Am alleranstrengendsten war für Hector jedoch die Liebe. Nein, nicht die in seinem eigenen Leben, sondern im Leben all jener Menschen, die in seine Sprechstunde kamen. Die Liebe schien eine unerschöpfliche Quelle des Leidens zu sein.

Manche beklagten sich, überhaupt nichts von ihr abbekommen zu haben.

»Herr Doktor, ich langweile mich im Leben und fühle mich so traurig. Wie gern wäre ich verliebt und wüßte, daß mich jemand liebt! Ich habe den Eindruck, Liebe gibt es nur für die anderen, aber für mich nicht.«

Solche Reden führte beispielsweise Anne-Marie. Als sie gefragt hatte, was der chinesische Satz bedeute, hatte Hector sie aufmerksam betrachtet.

Anne-Marie hätte ganz reizend sein können, aber sie zog sich an wie ihre Großmutter und verwendete all ihre Energie auf den Beruf.

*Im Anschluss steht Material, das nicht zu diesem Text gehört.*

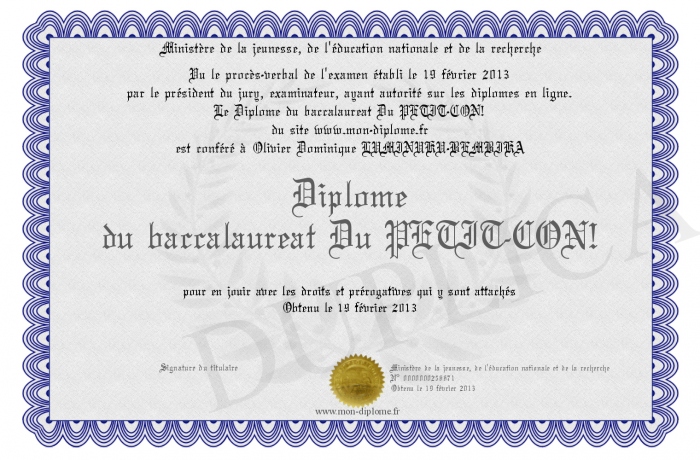 Envoyez par email votre Diplôme du baccalaureat Du PETIT-CON! personalisé

Hector antwortete: »Wer fischen möchte, muß an den Fluß gehen.« Einige Zeit darauf wurde Anne-Marie Mitglied in einem Chor. Sie hatte auch begonnen, sich zu schminken, und zog sich ein klein wenig modischer an.

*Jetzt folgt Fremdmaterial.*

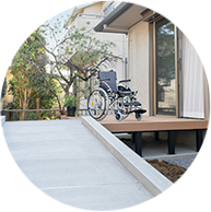 玄関にスロープを設置することで、車いすやベビーカーの出入りがスムーズに。家族みんなが快適な住まいになります。

Andere beklagten sich über zuviel Liebe. So wie es Leute gibt, die zuviel Cholesterin im Blut haben, war es bei ihnen der Überschuß an Liebe, der ihre Gesundheit gefährdete.

»Es ist schrecklich, ich sollte einen Schlußstrich ziehen, ich weiß ja, daß unsere Geschichte vorbei ist, aber ich kann einfach nicht aufhören, daran zu denken. Pausenlos. Glauben Sie, daß ich ihm schreiben sollte oder rufe ich ihn lieber an? Oder soll ich unten vor seinem Büro warten und versuchen, ihn abzupassen?«

Solche Fragen stellte Claire. Sie hatte, was gar nicht selten vorkommt, eine Affäre mit einem Mann, der nicht mehr frei war, und zu Beginn fand sie es amüsant, denn sie sagte zu Hector, daß sie gar nicht verliebt sei. Schließlich hatte sie sich aber doch richtig verliebt und der Herr übrigens auch. Dennoch hatten sie beschlossen, sich nicht mehr zu sehen, weil die Ehefrau dieses Herrn begonnen hatte, den Braten zu riechen, und weil er sie nicht verlassen wollte. Und da begann Claire wirklich zu leiden, und als sie Hector fragte, was das chinesische Bild sagen wollte, mußte er erst einmal ein bißchen überlegen. »Errichte dein Haus nur auf deinem eigenen Acker.« Claire brach in laute Schluchzer aus, und Hector war nicht besonders zufrieden mit sich.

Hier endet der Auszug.